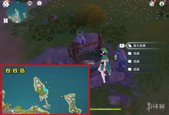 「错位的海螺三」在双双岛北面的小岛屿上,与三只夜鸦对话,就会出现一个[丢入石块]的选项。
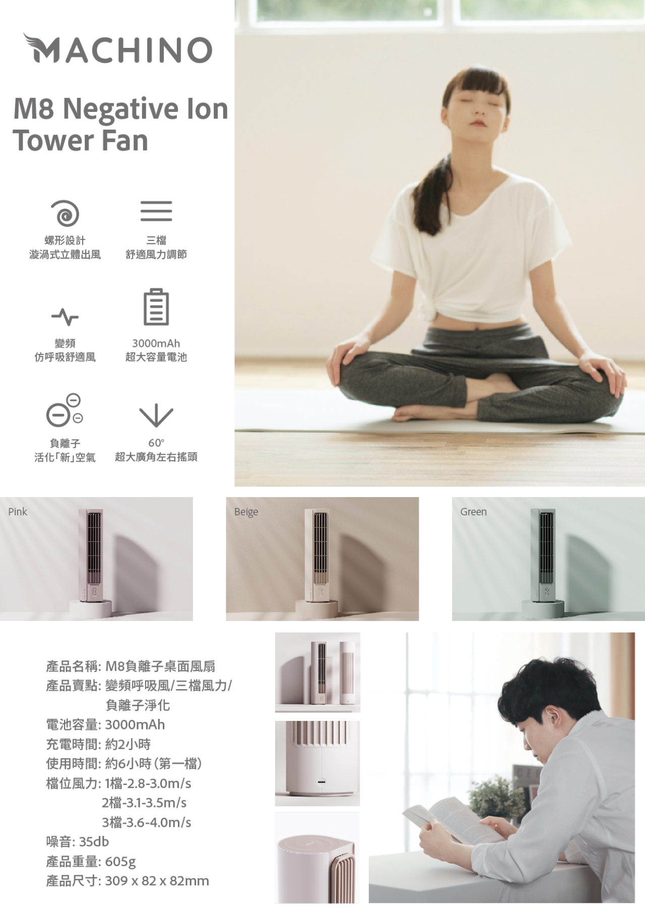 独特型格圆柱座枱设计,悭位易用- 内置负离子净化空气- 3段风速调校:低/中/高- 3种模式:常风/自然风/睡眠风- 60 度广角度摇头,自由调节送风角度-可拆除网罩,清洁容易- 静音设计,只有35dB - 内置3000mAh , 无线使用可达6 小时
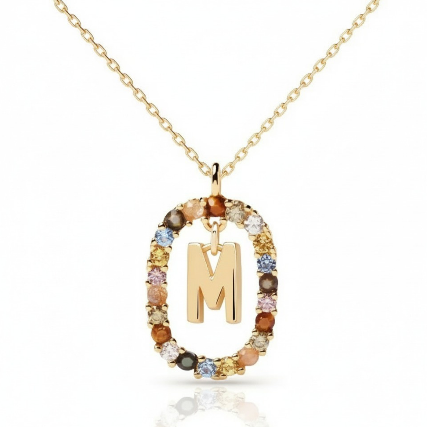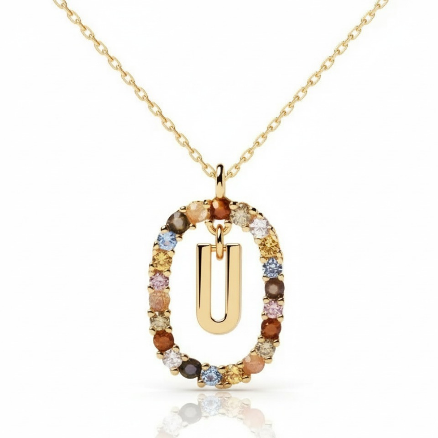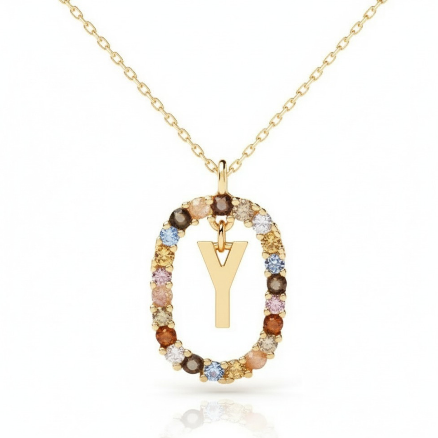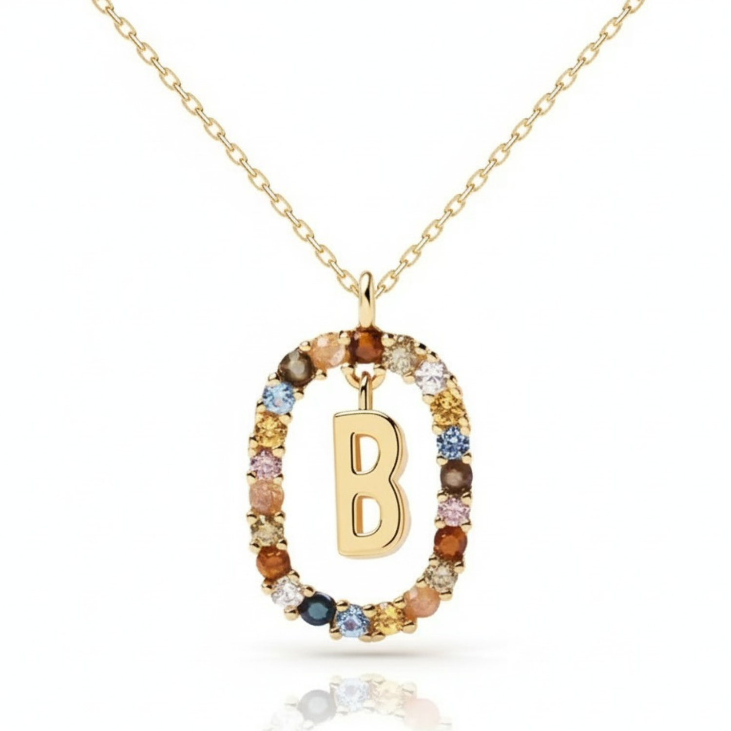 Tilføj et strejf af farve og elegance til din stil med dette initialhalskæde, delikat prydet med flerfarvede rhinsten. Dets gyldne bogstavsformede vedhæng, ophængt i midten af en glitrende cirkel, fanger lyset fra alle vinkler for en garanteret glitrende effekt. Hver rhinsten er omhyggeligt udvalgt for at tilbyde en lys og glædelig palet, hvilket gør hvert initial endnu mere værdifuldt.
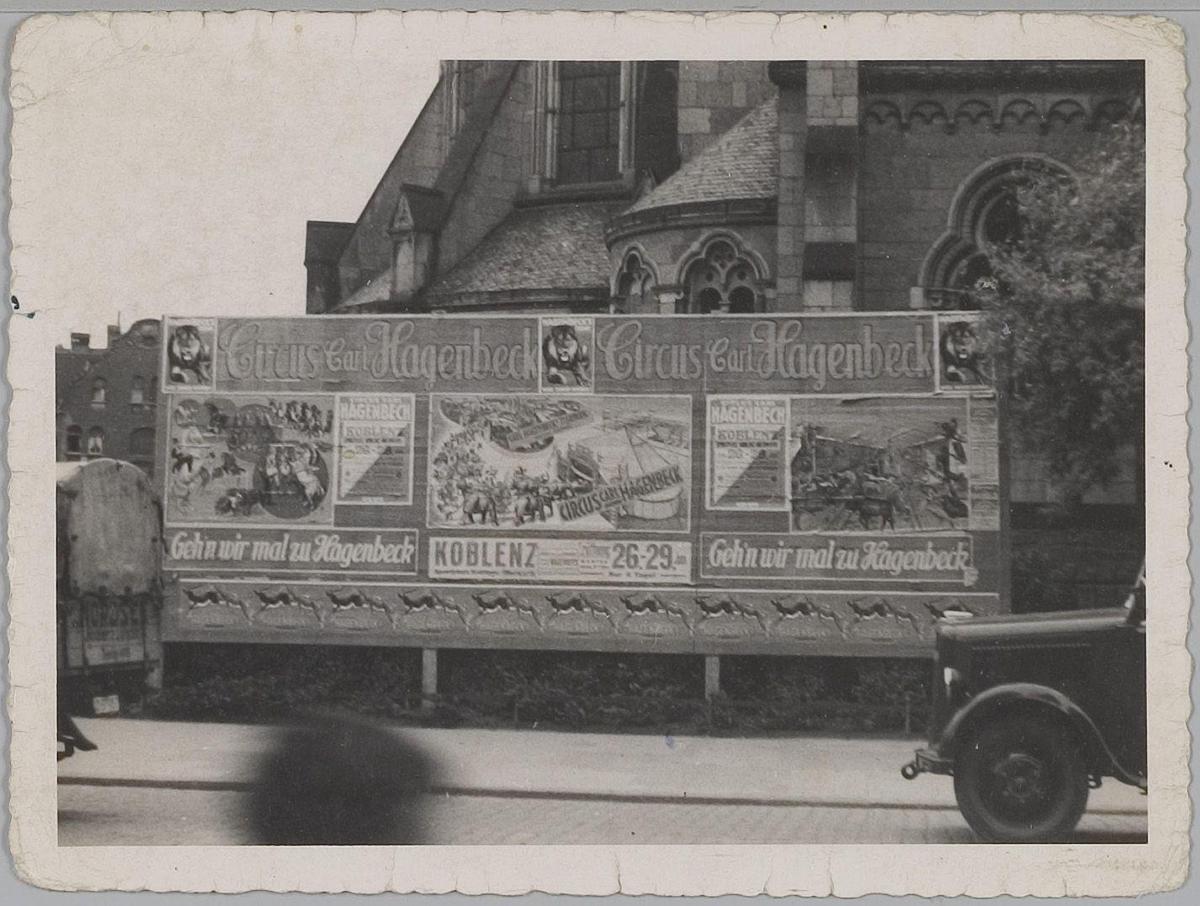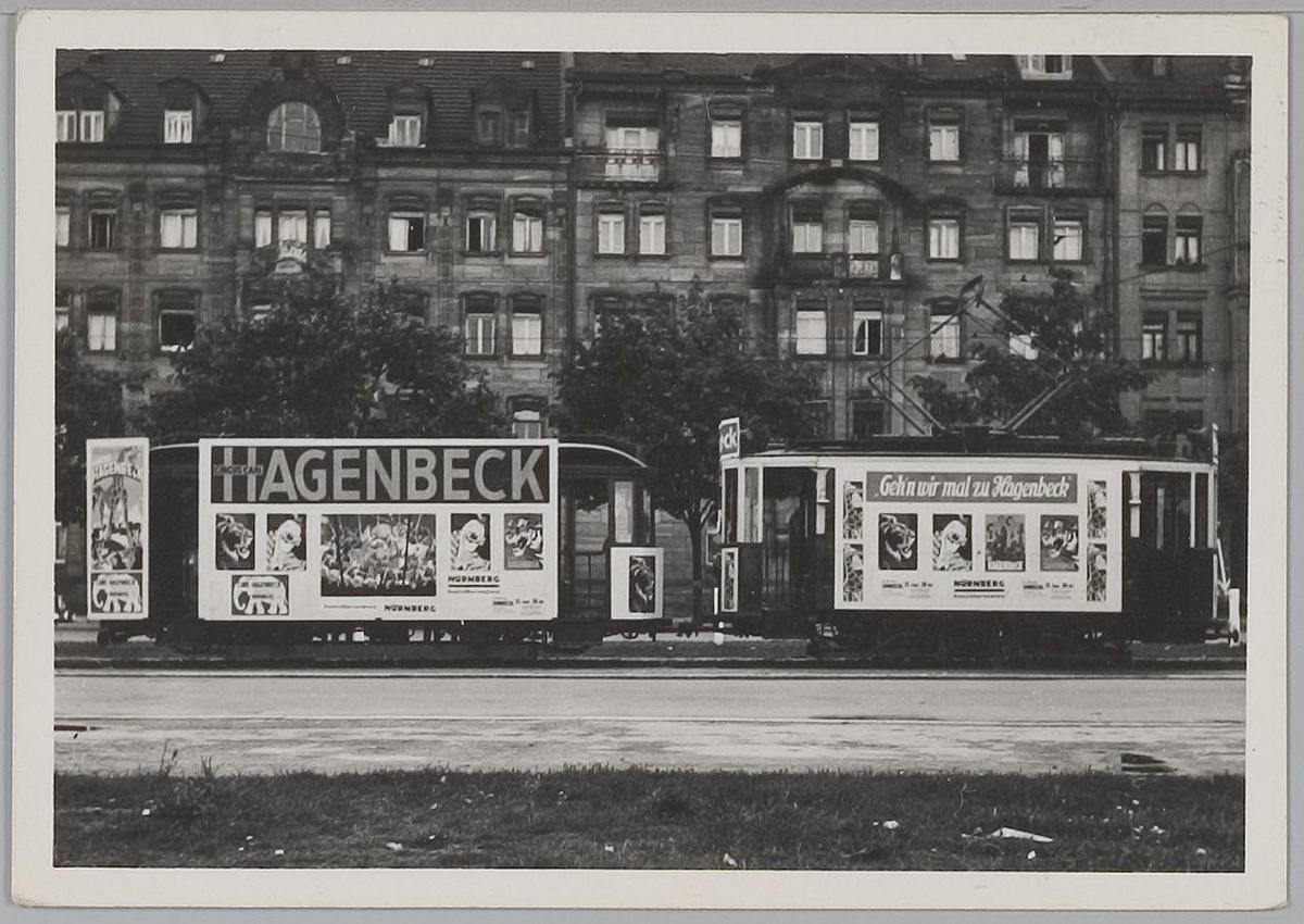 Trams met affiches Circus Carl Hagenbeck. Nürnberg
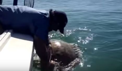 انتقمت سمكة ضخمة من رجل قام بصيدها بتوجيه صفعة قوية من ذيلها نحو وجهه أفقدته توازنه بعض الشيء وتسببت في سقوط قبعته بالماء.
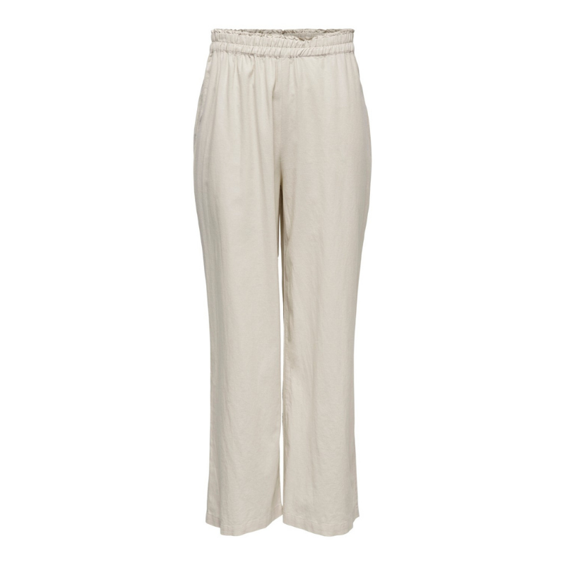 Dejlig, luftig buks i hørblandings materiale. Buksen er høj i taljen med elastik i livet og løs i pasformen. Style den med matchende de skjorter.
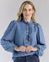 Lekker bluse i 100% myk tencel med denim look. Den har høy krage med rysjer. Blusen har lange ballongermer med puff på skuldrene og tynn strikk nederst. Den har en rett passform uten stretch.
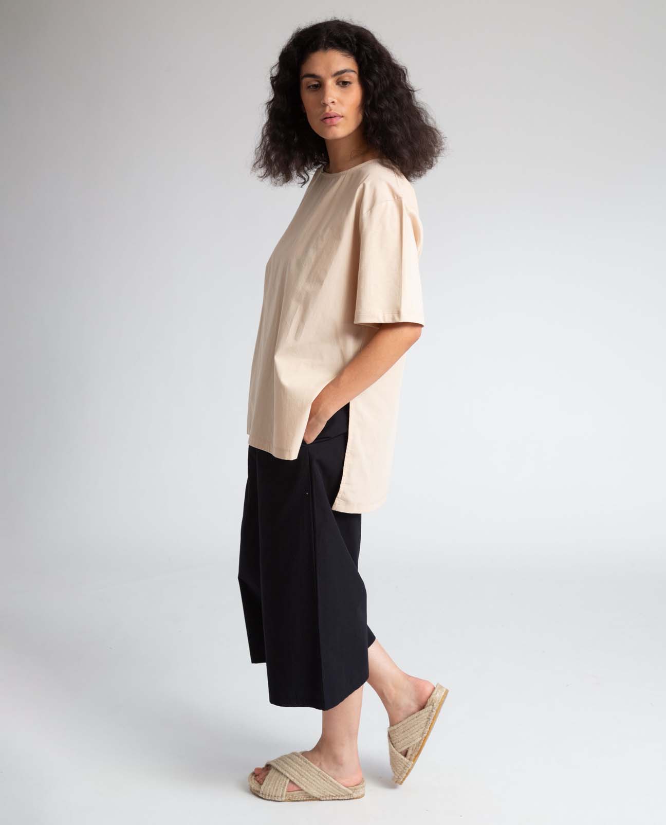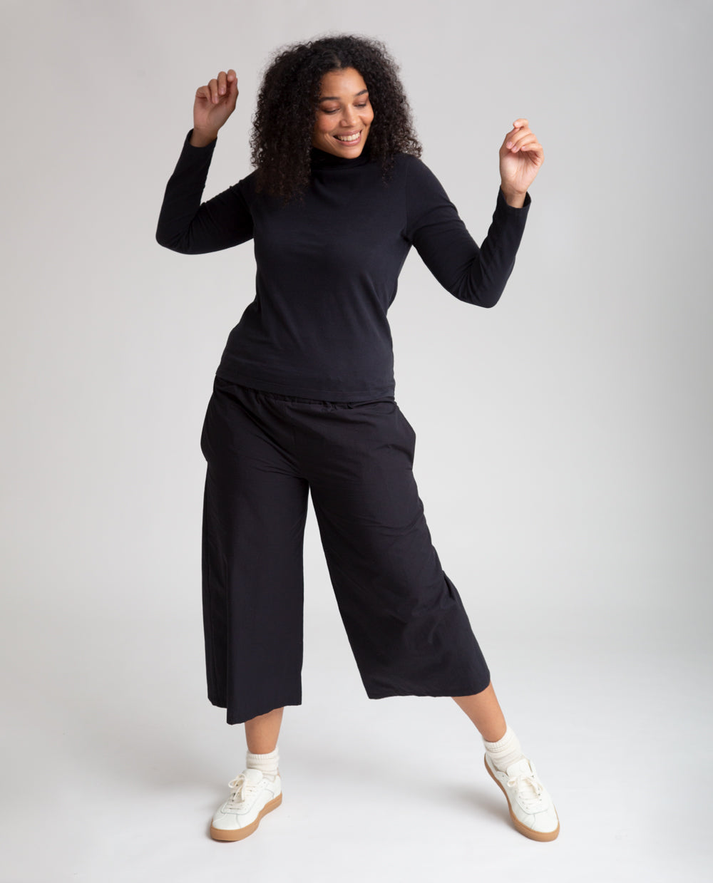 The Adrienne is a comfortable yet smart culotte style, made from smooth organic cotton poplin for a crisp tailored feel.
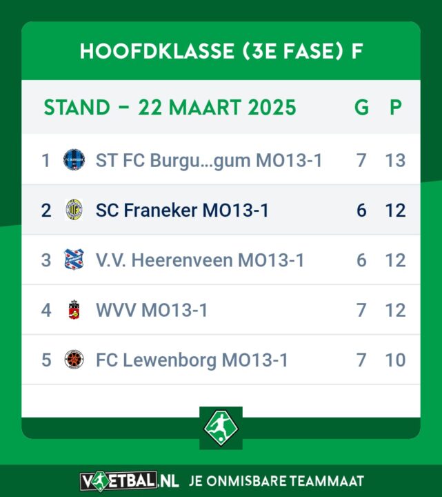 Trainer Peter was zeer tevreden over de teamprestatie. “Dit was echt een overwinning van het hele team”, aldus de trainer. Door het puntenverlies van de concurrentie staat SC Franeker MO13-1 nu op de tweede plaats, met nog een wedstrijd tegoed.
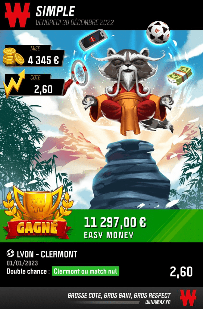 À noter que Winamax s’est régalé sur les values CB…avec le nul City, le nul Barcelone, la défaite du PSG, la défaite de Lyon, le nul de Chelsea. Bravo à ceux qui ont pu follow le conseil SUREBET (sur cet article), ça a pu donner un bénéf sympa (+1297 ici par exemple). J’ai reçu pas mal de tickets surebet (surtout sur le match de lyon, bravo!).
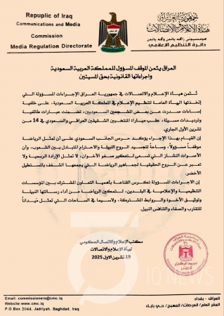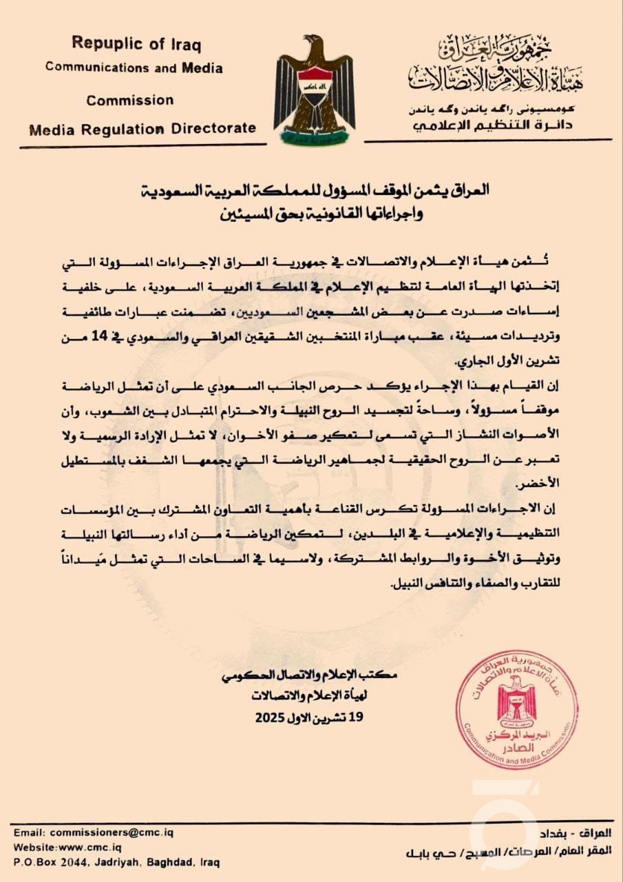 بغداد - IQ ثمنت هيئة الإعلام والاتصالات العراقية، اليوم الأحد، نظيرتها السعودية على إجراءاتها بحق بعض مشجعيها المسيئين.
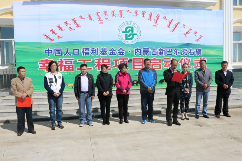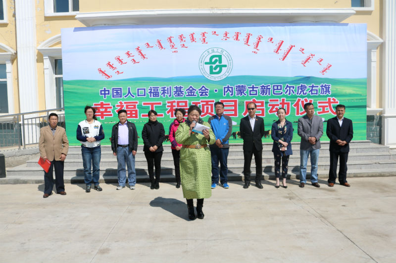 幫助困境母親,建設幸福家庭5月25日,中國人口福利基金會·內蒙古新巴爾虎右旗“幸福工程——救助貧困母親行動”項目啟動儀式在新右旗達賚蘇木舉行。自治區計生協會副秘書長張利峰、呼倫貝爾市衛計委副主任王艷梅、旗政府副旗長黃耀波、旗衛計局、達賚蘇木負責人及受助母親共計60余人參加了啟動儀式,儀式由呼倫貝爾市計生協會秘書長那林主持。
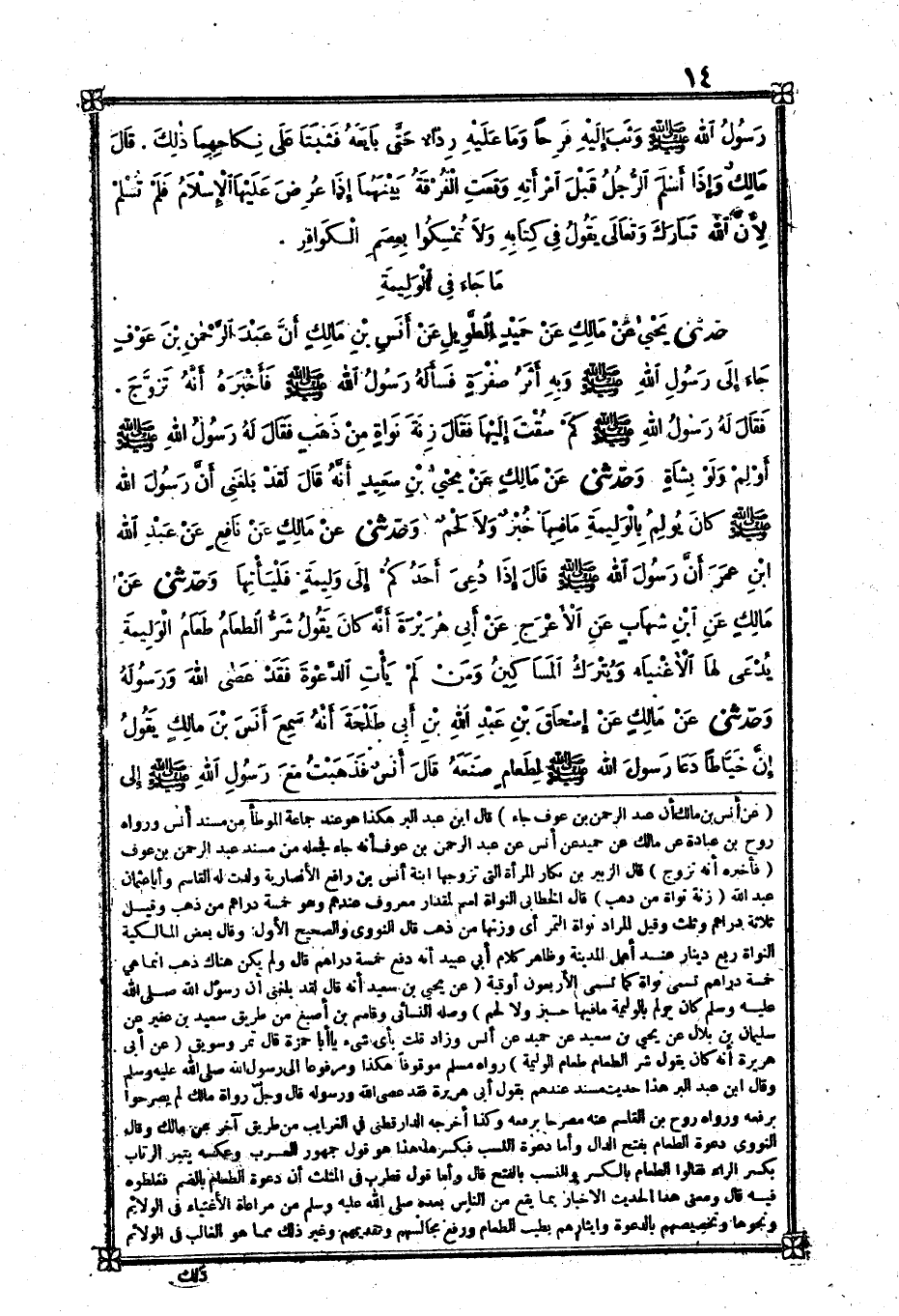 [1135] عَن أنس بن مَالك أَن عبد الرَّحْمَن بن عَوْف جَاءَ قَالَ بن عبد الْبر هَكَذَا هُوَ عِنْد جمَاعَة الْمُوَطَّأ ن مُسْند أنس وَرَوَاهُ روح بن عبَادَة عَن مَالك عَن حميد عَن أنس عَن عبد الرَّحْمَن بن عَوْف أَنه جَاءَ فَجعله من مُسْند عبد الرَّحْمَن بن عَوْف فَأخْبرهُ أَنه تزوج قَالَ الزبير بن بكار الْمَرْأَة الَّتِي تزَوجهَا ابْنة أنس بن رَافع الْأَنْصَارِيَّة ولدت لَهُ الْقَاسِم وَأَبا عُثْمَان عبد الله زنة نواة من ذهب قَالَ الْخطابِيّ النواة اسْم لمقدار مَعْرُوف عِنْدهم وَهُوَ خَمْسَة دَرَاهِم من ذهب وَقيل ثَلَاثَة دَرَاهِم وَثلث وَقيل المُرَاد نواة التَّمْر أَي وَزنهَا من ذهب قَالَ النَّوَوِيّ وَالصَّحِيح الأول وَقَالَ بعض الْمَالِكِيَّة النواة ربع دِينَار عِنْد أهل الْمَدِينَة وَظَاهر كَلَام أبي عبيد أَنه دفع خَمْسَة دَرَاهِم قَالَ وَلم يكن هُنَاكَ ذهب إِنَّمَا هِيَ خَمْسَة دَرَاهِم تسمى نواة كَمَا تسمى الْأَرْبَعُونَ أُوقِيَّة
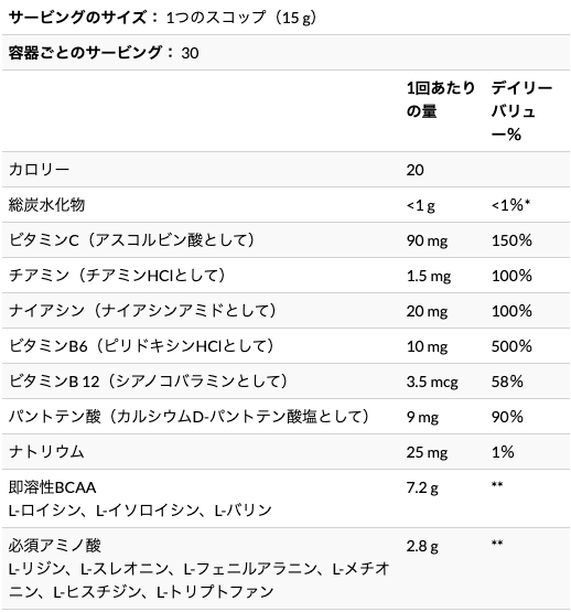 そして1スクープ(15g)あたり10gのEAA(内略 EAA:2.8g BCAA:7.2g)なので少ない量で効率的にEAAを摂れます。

▬▬▬

• WHAT YOU SHOULD DO: Print out the entries above word for word from the first line to the line containing "独特型格圆柱座枱设计,悭位易用- 内置负离子净化空气- 3段风速调校:低/中/高- 3种模式:常风/自然风/睡眠风- 60", both included, omitting the pictures.

• THE ANSWER:
 「错位的海螺三」在双双岛北面的小岛屿上,与三只夜鸦对话,就会出现一个[丢入石块]的选项。
 独特型格圆柱座枱设计,悭位易用- 内置负离子净化空气- 3段风速调校:低/中/高- 3种模式:常风/自然风/睡眠风- 60 度广角度摇头,自由调节送风角度-可拆除网罩,清洁容易- 静音设计,只有35dB - 内置3000mAh , 无线使用可达6 小时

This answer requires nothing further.